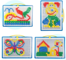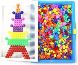 Dette legetøj er elsket af generationer af børn og huskes med nostalgi af voksne. Den enkle konstruktion består af farverige plastsvampe i forskellige størrelser og en perforeret plade til at indsætte dem i. Alt er opbevaret i en praktisk kuffert, så dit barn kan tage sit yndlingslegetøj med hvor som helst.
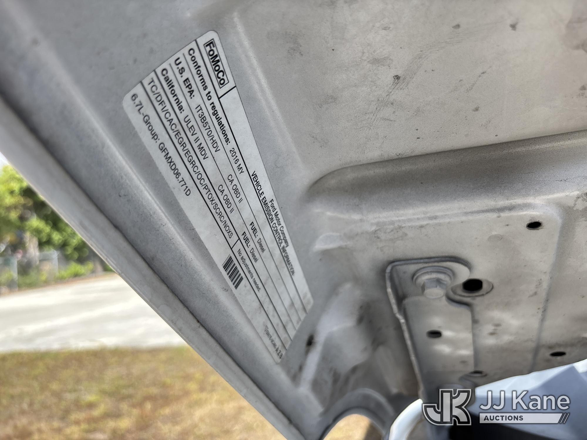 2016 Ford F350 Crew-Cab Pickup Truck, 6.7L V8 OHV 16V diesel, RWD, 6-Speed Automatic, A/C, with Thieman Lift Gate, (115,976 miles) (Runs & Moves, Lift Gate Operates) (Jump To Start, Service Light On, Body/Paint Damage) (FL Residents Purchasing Titled Items - tax, title & registration fees will be collected at the maximum rate of $400.00 under 25,999 and $800.00 for Over 26,000 and $250.00 trailers - Proof of insurance is mandatory; Out of State Residents Purchasing Title Items - tax will be collected based upon your state rate.) This is a Titled Item*
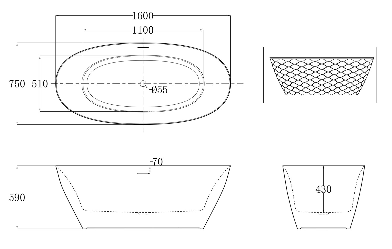 Wellis Oval 160x78 cm szabadonálló kád WK00142
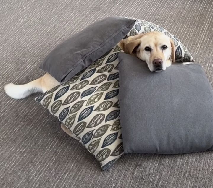 3. クッション大好きワンコ! せっせとクッションを集めて
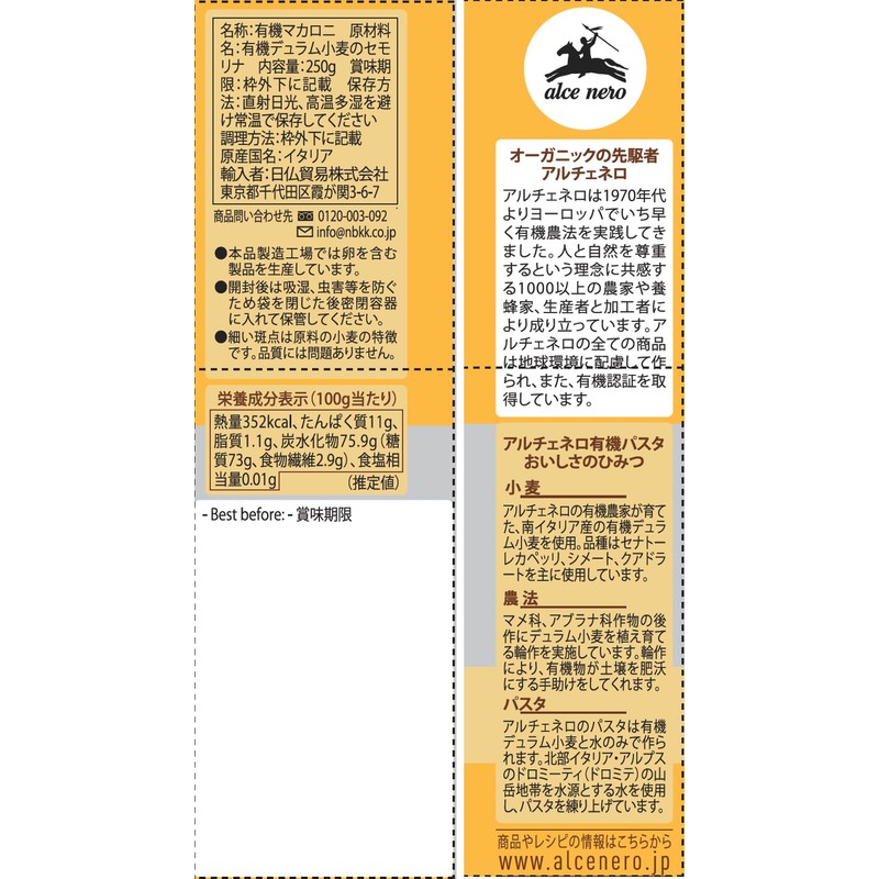 - Ingredients: Organic durum wheat semolina. Contents: 8.8 oz (250 g). Country of Origin: Italy. Boiling Time: 10 minutes
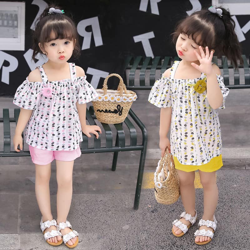 Sét áo 2 dây kèm bông hoa- áo trễ vai điệu đà
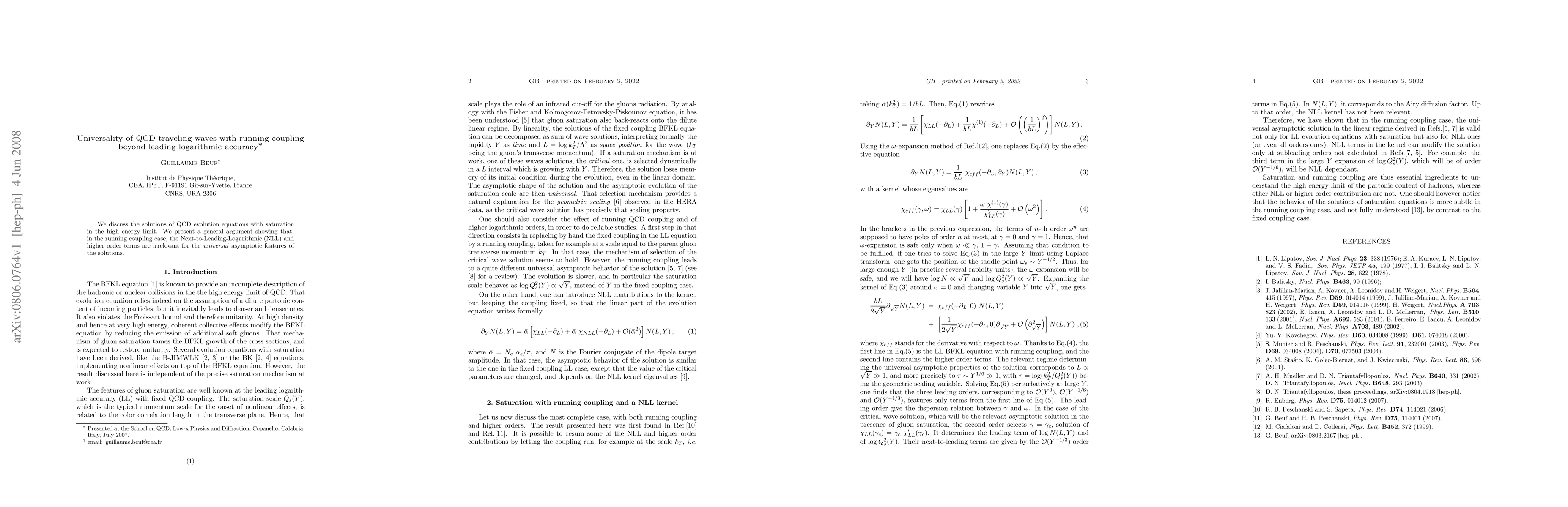 Summary: This paper argues that in Quantum Chromodynamics (QCD) with a running coupling, Next-to-Leading-Logarithmic (NLL) and higher-order terms do not affect the universal asymptotic behavior of solutions, focusing on high-energy limits and saturation phenomena.
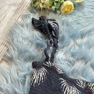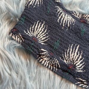 Lulus Trancoso Dusty Blue Floral Print Smocked Bandeau Top sz S
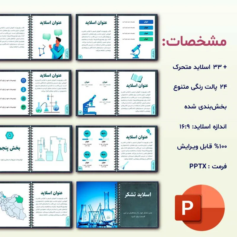 طراحی این قالب بر اساس دفترچه یادداشت علمی انجام شده است. استفاده از قابهای حاشیهای و چینش متقارن اسلایدها، حس منظم و آموزشی را به مخاطب منتقل میکند. رنگبندی قالب شامل طیف سبزآبی، فیروزهای و آبی نفتی است که جلوهای علمی و مدرن ایجاد کرده و متناسب با موضوع شیمی و علوم پایه است. همچنین با قابلیت تغییر رنگ سریع، میتوانید رنگبندی را مطابق سلیقه یا هویت بصری برند آموزشی خود تنظیم کنید.
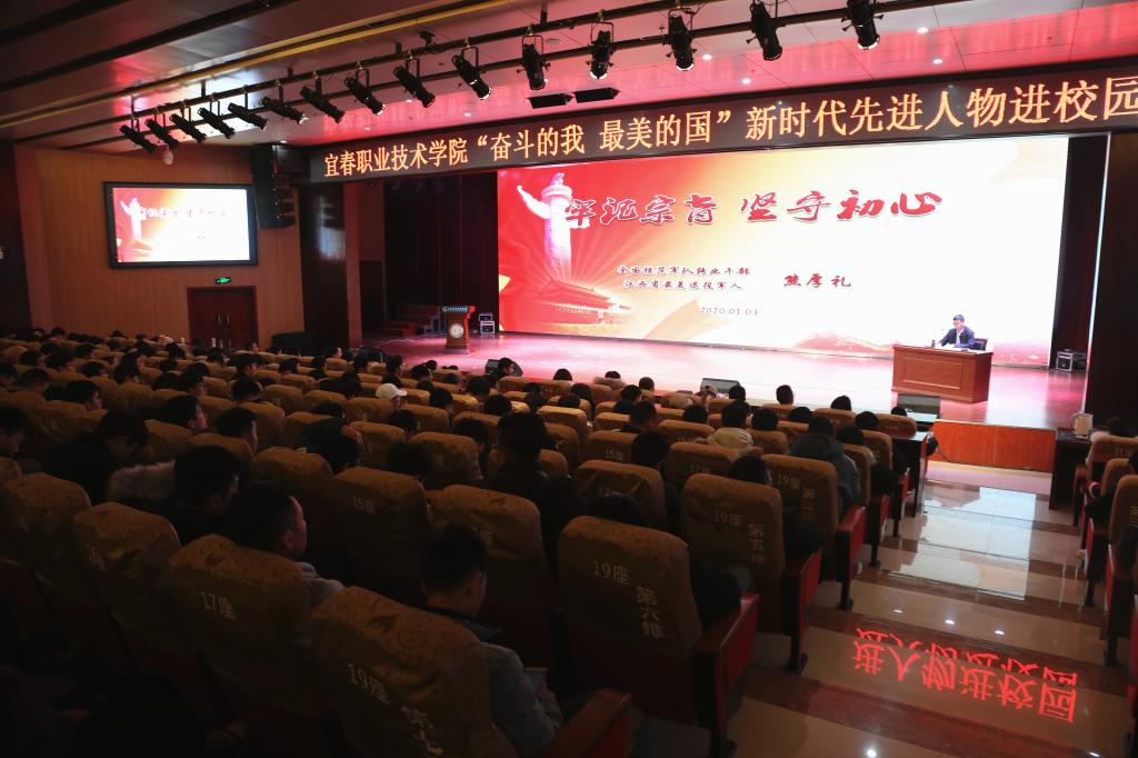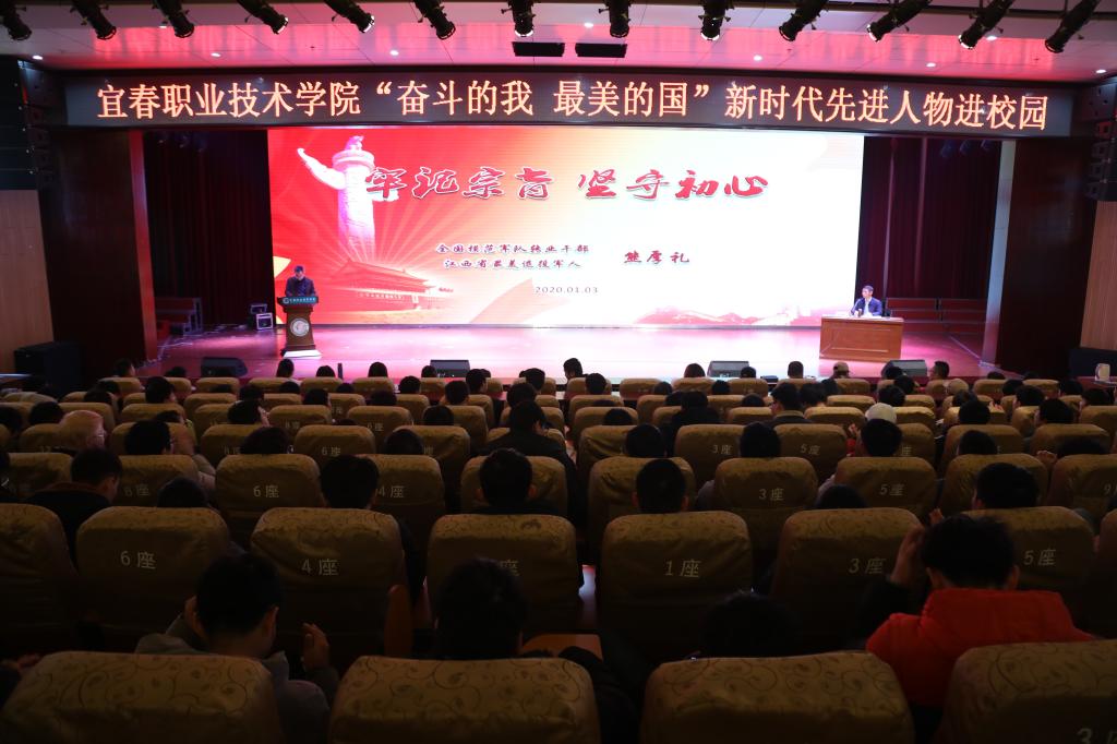 本站讯(党委宣传部 陈畅 大学生通讯社 李亚清)1月3日,科技综合楼学术报告厅内人头攒动、热闹非凡,“奋斗的我 最美的国”新时代先进人物进校园报告会在这里举行。开云官网邀请到全国模范军队转业干部、江西省最美退役军人熊厚礼来校宣讲,六百多名师生聆听了此次报告。报告会由副校长张印华主持。
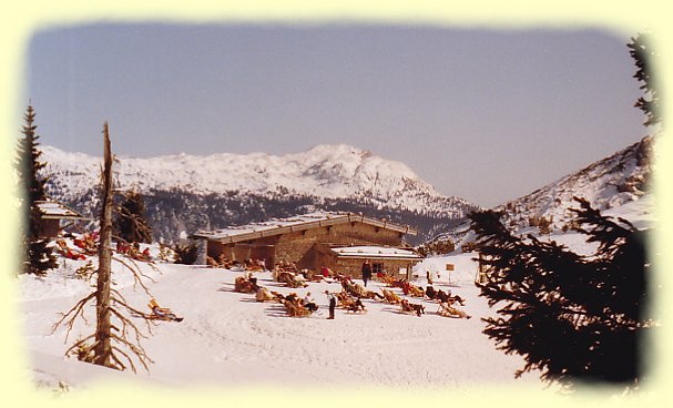 Danach geht es auf dem idyllischen Höhenkurweg bis zur Almhütte in der Schlegelmulde. Unter den Füßen knistert und glitzert der Schnee, und oben am blauen Himmel strahl fröhlich die Sonne. Auf der Bergalm erwartet uns eine leckere Brotzeit und anschließend genießen wir die wohltuende Entspannung in der Wintersonne. Diese Wintermärchenlandschaft ist einfach ein Genuss.
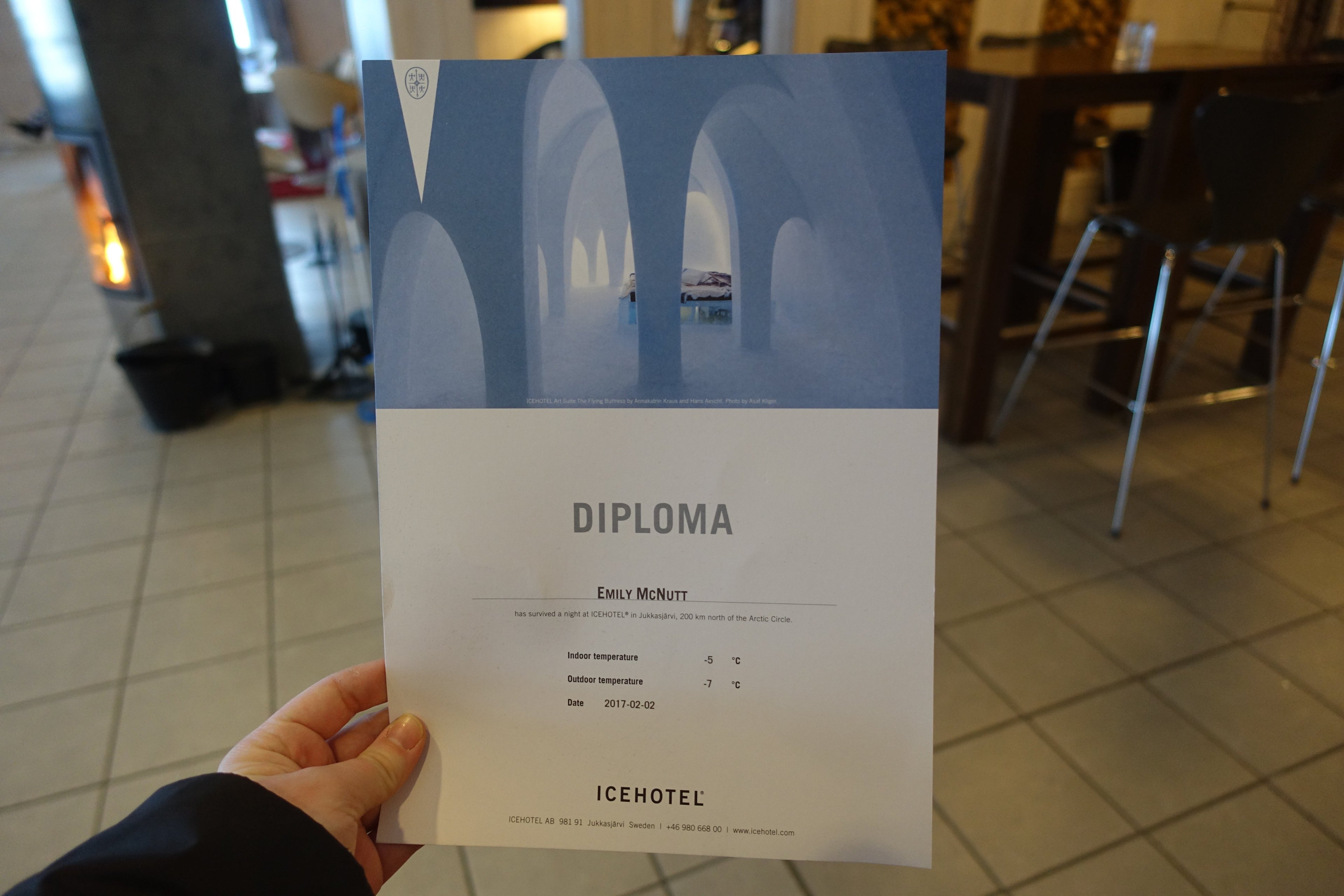 Upon checking out from the "Cold Room," the Icehotel gives you a diploma so you can remember your stay and how cold you were during the night. I thought this was such a cute little souvenir.
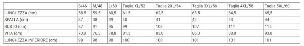 | S/46 | M/48 | L/50 | Taglia XL/52 | Taglia 2XL/54 | Taglia 3XL/56 | Taglia 4XL/58 | Taglia 5XL/60 | |

------

[Exercise instructions] Repeat the records above exactly, without pictures.

[Result of this exercise]
 Dette legetøj er elsket af generationer af børn og huskes med nostalgi af voksne. Den enkle konstruktion består af farverige plastsvampe i forskellige størrelser og en perforeret plade til at indsætte dem i. Alt er opbevaret i en praktisk kuffert, så dit barn kan tage sit yndlingslegetøj med hvor som helst.
 2016 Ford F350 Crew-Cab Pickup Truck, 6.7L V8 OHV 16V diesel, RWD, 6-Speed Automatic, A/C, with Thieman Lift Gate, (115,976 miles) (Runs & Moves, Lift Gate Operates) (Jump To Start, Service Light On, Body/Paint Damage) (FL Residents Purchasing Titled Items - tax, title & registration fees will be collected at the maximum rate of $400.00 under 25,999 and $800.00 for Over 26,000 and $250.00 trailers - Proof of insurance is mandatory; Out of State Residents Purchasing Title Items - tax will be collected based upon your state rate.) This is a Titled Item*
 Wellis Oval 160x78 cm szabadonálló kád WK00142
 3. クッション大好きワンコ! せっせとクッションを集めて
 - Ingredients: Organic durum wheat semolina. Contents: 8.8 oz (250 g). Country of Origin: Italy. Boiling Time: 10 minutes
 Sét áo 2 dây kèm bông hoa- áo trễ vai điệu đà
 Summary: This paper argues that in Quantum Chromodynamics (QCD) with a running coupling, Next-to-Leading-Logarithmic (NLL) and higher-order terms do not affect the universal asymptotic behavior of solutions, focusing on high-energy limits and saturation phenomena.
 Lulus Trancoso Dusty Blue Floral Print Smocked Bandeau Top sz S
 طراحی این قالب بر اساس دفترچه یادداشت علمی انجام شده است. استفاده از قابهای حاشیهای و چینش متقارن اسلایدها، حس منظم و آموزشی را به مخاطب منتقل میکند. رنگبندی قالب شامل طیف سبزآبی، فیروزهای و آبی نفتی است که جلوهای علمی و مدرن ایجاد کرده و متناسب با موضوع شیمی و علوم پایه است. همچنین با قابلیت تغییر رنگ سریع، میتوانید رنگبندی را مطابق سلیقه یا هویت بصری برند آموزشی خود تنظیم کنید.
 本站讯(党委宣传部 陈畅 大学生通讯社 李亚清)1月3日,科技综合楼学术报告厅内人头攒动、热闹非凡,“奋斗的我 最美的国”新时代先进人物进校园报告会在这里举行。开云官网邀请到全国模范军队转业干部、江西省最美退役军人熊厚礼来校宣讲,六百多名师生聆听了此次报告。报告会由副校长张印华主持。
 Danach geht es auf dem idyllischen Höhenkurweg bis zur Almhütte in der Schlegelmulde. Unter den Füßen knistert und glitzert der Schnee, und oben am blauen Himmel strahl fröhlich die Sonne. Auf der Bergalm erwartet uns eine leckere Brotzeit und anschließend genießen wir die wohltuende Entspannung in der Wintersonne. Diese Wintermärchenlandschaft ist einfach ein Genuss.
 Upon checking out from the "Cold Room," the Icehotel gives you a diploma so you can remember your stay and how cold you were during the night. I thought this was such a cute little souvenir.
 | S/46 | M/48 | L/50 | Taglia XL/52 | Taglia 2XL/54 | Taglia 3XL/56 | Taglia 4XL/58 | Taglia 5XL/60 | |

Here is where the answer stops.